TfL has recently launched a campaign to advise users of the busiest times at Blackwall Tunnel and this saw two per cent of frequent drivers retime their journeys to reduce delays.
Glynn Barton, director of Network Management at TfL, said: “By working with Waze and Eurotunnel we have been able to help reduce the number of vehicles breaking down in the Blackwall tunnel – saving drivers time that would have otherwise have been spent sitting in traffic.
“Our data has shown us that cars running out of fuel causes avoidable delays and I would advise anyone using the tunnel to ensure they have filled up before they get there.
“This is just the beginning, as we’re now exploring how the new technology can give us even better insights into London’s roads and enable drivers to avoid unnecessary delays. This in turn will help make our roads safer and more efficient for everyone.”
TfL and Waze’s data sharing partnership began in 2016 and now alerts from Waze users provide the biggest source of real-time information to the control centre. This allows it to deal with traffic incidents as they arise, improving the Capital’s roads for all Londoners.
TfL’s partnership with Waze will continue in 2018 and will look at a number of busy roads and major planned road closures, with the aim of helping road users avoid unnecessary delays.

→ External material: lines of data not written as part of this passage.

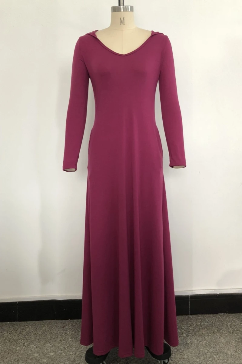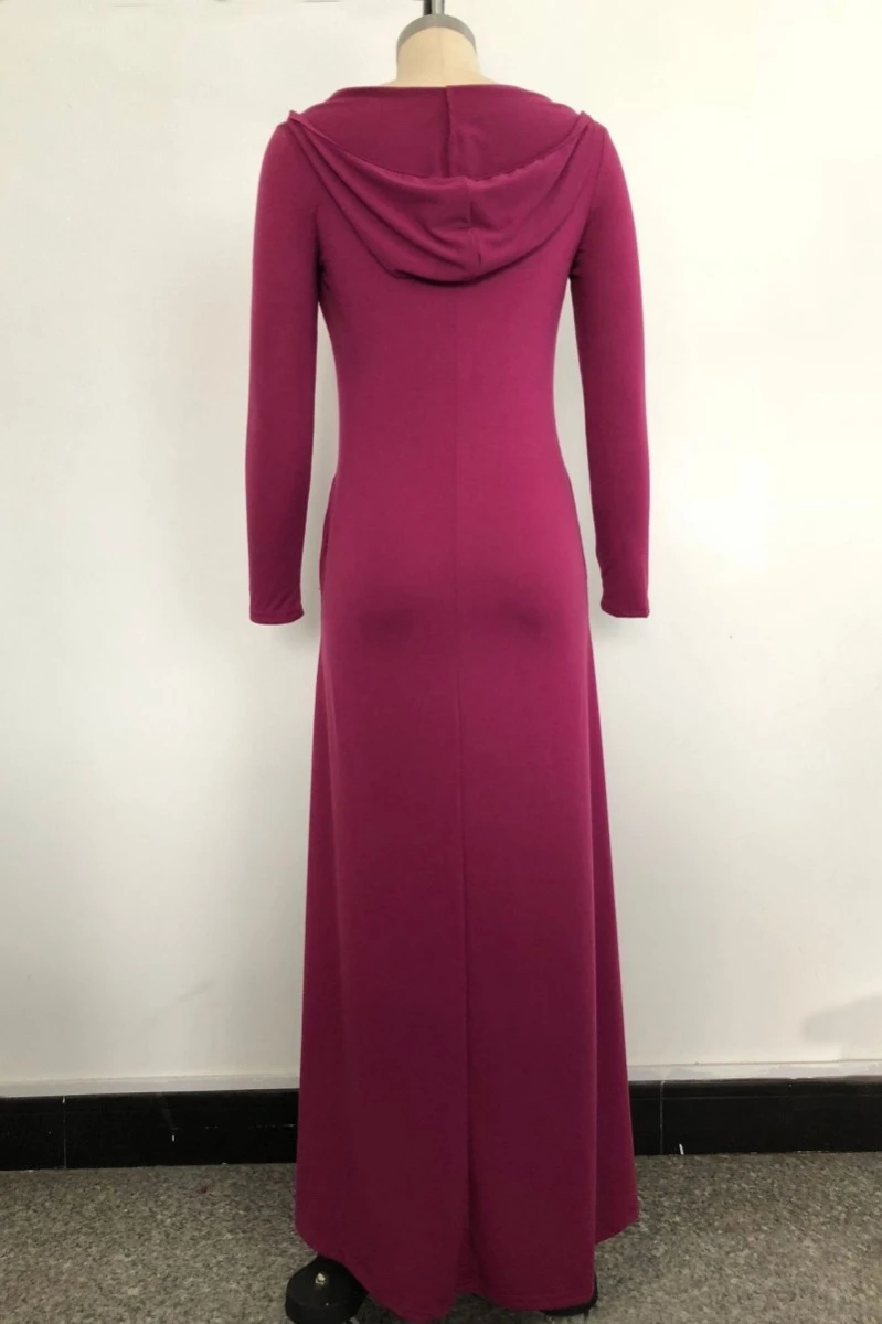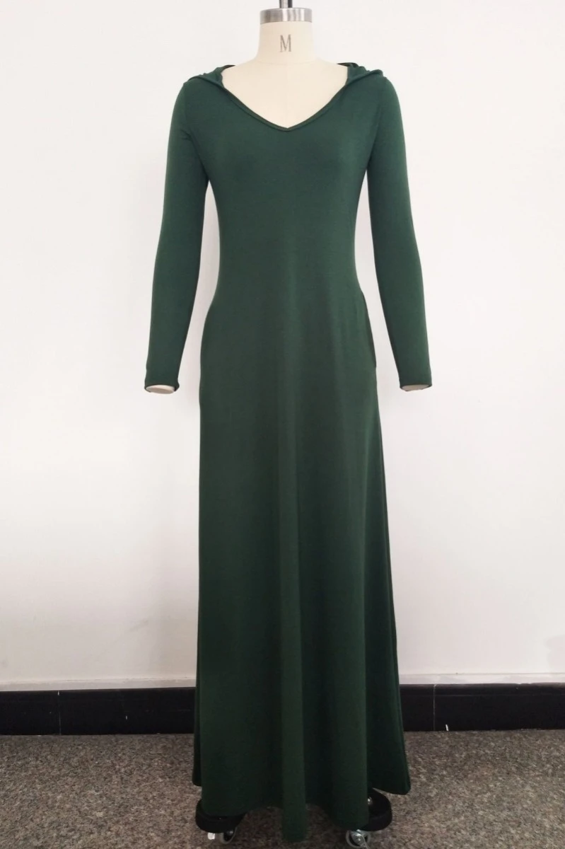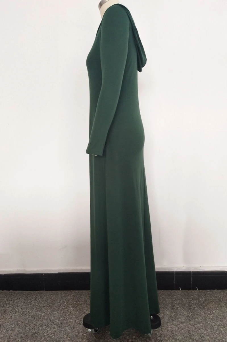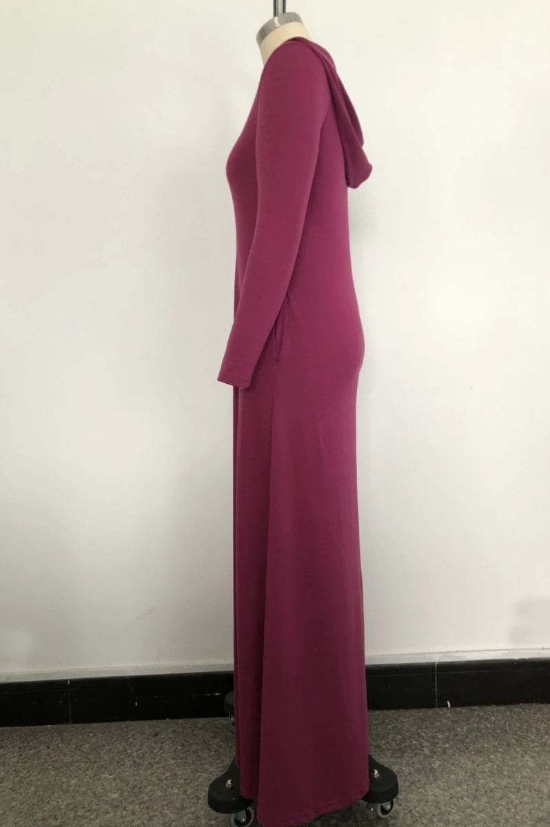 Plus size solid color stretch hooded pockets stylish casual loose dress
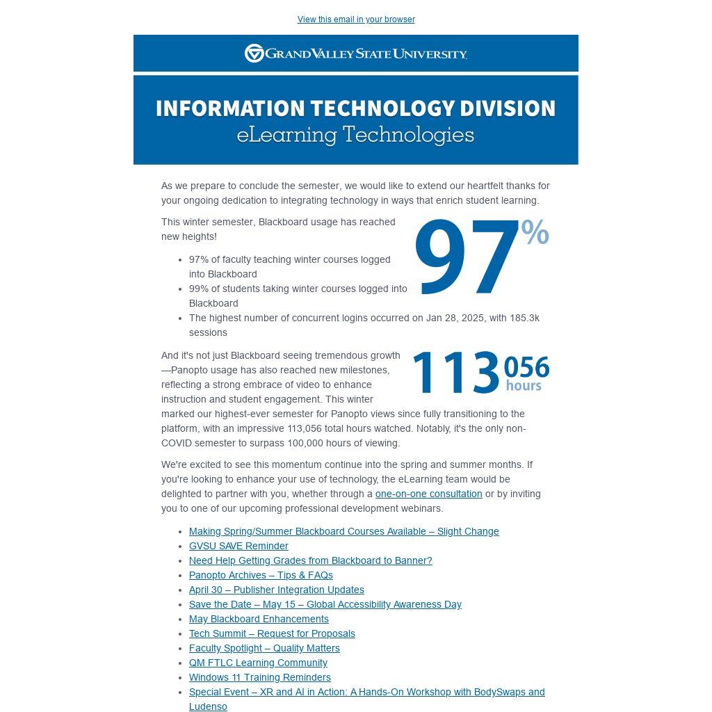And it's not just Blackboard seeing tremendous growth—Panopto usage has also reached new milestones, reflecting a strong embrace of video to enhance instruction and student engagement. This winter marked our highest-ever semester for Panopto views since fully transitioning to the platform, with an impressive 113,056 total hours watched. Notably, it's the only non-COVID semester to surpass 100,000 hours of viewing.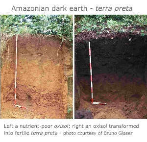 ¿La terra preta de indio no puede ser simplemente una cuestión de cantidad de carbón añadido? Los indios se pasaron generaciones y generaciones echando carbón y ceniza de los hogares hasta que finalmente cultivaban sobre cabrón y estiércol.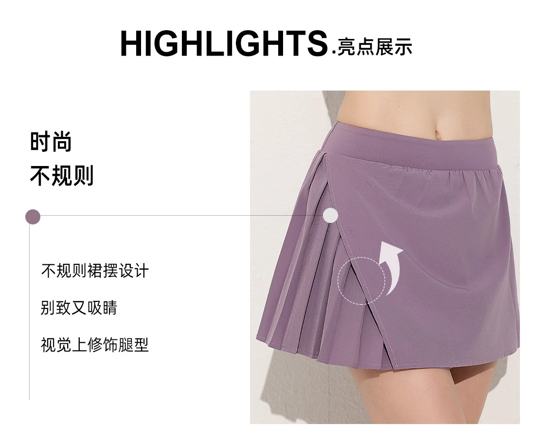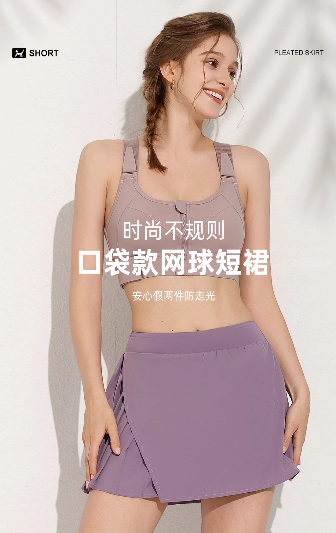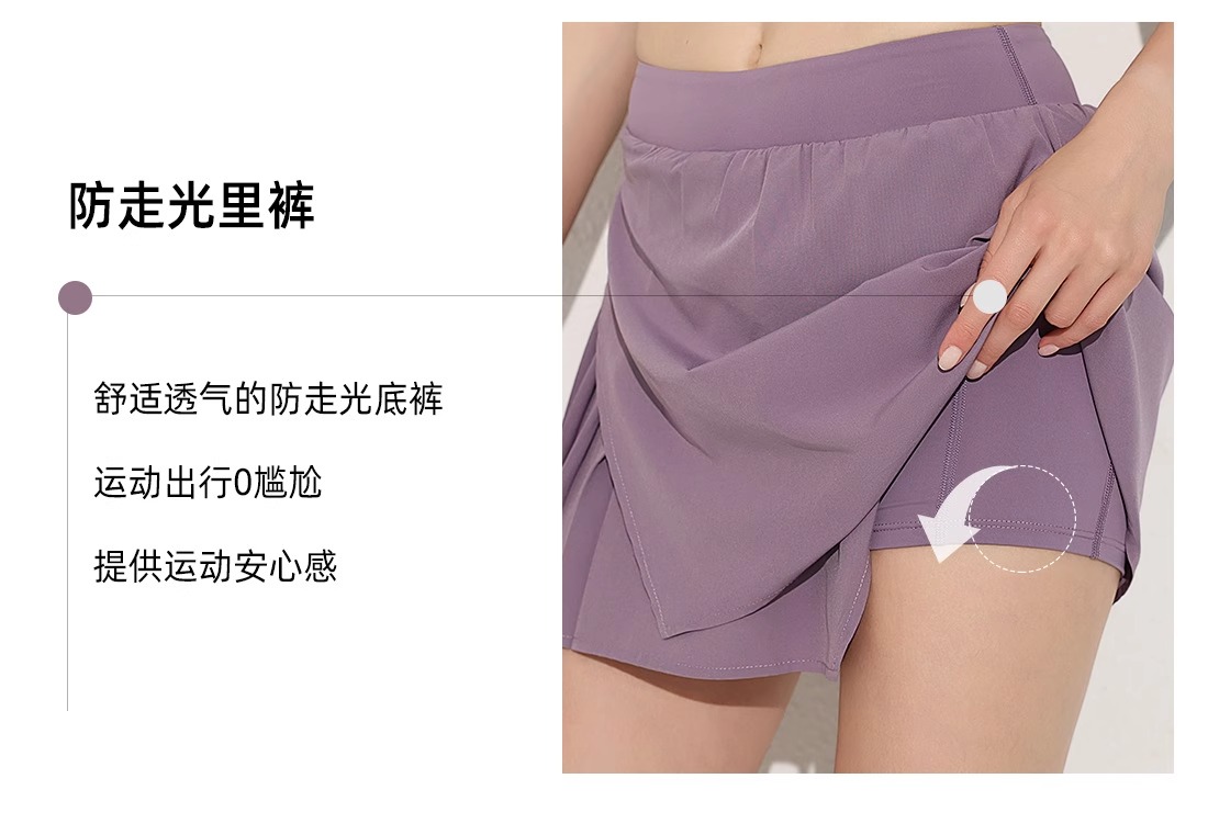 跃牌(呗咪纷纷系列)夏季新款JK运动短裙假两件百褶防走光速干瑜伽裙健身跑步训练裙女DQ6001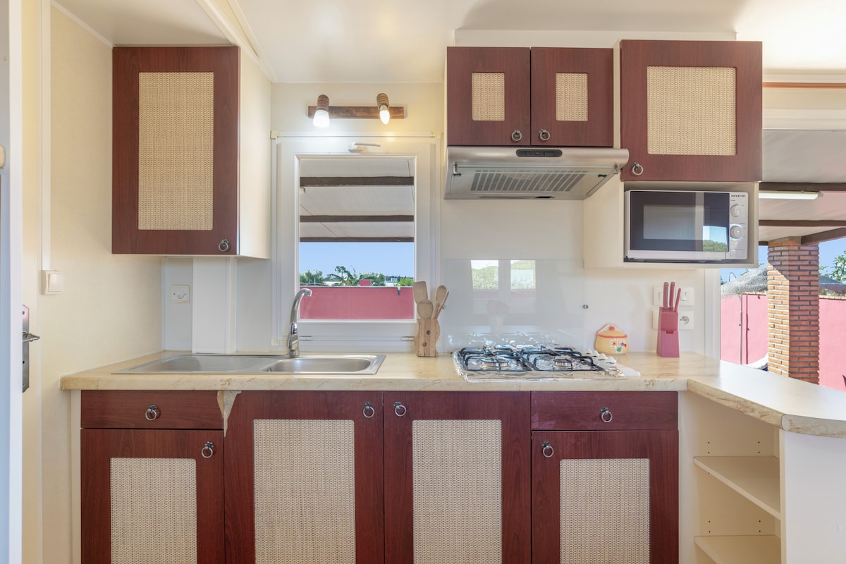 Cadiz'deki El Palmar'ın bozulmamış plajında güzel ahşap ev. Plaja 650 metre mesafededir. Ev iki yatak odası, oturma odası ve özel banyodan oluşmaktadır. Havuzlu bahçe, şezlong, şemsiye ve duş, yemek pişirme ve mutfak gereçleri için iki ateşi olan mutfak ve barbekü/çardak alanı gibi ortak alanlara sahiptir. Arsa, konaklamayı kolaylaştırmak için bunlardan birinde kalan toplam 3 ahşap bungalovu barındırır.

Finlay Clark, UK head of Waze, said: “Understanding congestion in real-time is key to tackling traffic problems and Waze is happy to be helping TfL, along with other city planners worldwide, to find the answers.
“The two-way data exchange enables Waze to deliver targeted messages to drivers who need to receive certain information at the right time. For Blackwall Tunnel, we provided drivers with the option to reroute to the nearest petrol station before entering the queues; resulting in fewer breakdowns and reduced congestion there.
“By harnessing the insights of more than 1.9m UK monthly active users we’ve set up the platform to alert drivers to disruptions early, helping increase traffic flow and make traffic jams avoidable.
“We look forward to applying the same method used for Blackwall to help solve other traffic problems here in London and across the UK.”
John Keefe, Eurotunnel’s director of public affairs, added: “Eurotunnel was delighted to be able to help with this initiative. Thirty per cent of the trucks entering the UK through the Channel Tunnel are bound for London, so keeping this key infrastructure open and operational is vital to the success of the Capital’s economy.”
A worrying number of cyclists and pedestrians dangerously attempt to use the Blackwall Tunnel each year as a means to cross the river, despite numerous clear signs signalling no access. TfL has been working closely with Google and the O2 Arena to update their travel routes to include the correct public transport options and cycle prohibitions.
During peak periods tailbacks of two miles are regularly experienced around the Blackwall Tunnel and this can add more than 25 minutes to journey times. Traffic is at unsustainable levels and while these partnerships have helped reduce congestion caused by closures in particular, there needs to be a long-term solution.
TfL has developed proposals to build the Silvertown Tunnel, linking the Greenwich Peninsula and the Royal Docks. The scheme would improve air quality, reduce congestion at the Blackwall Tunnel and provide a more reliable crossing, it said. The crossing would also significantly improve public transport connections across the river.
TfL is currently awaiting a decision on the Development Consent order for the powers to build and operate the scheme. If approved, construction could commence in 2019 with the new crossing open and available for use in 2023, which makes measures to manage the issues currently affecting the Blackwall Tunnel even more important.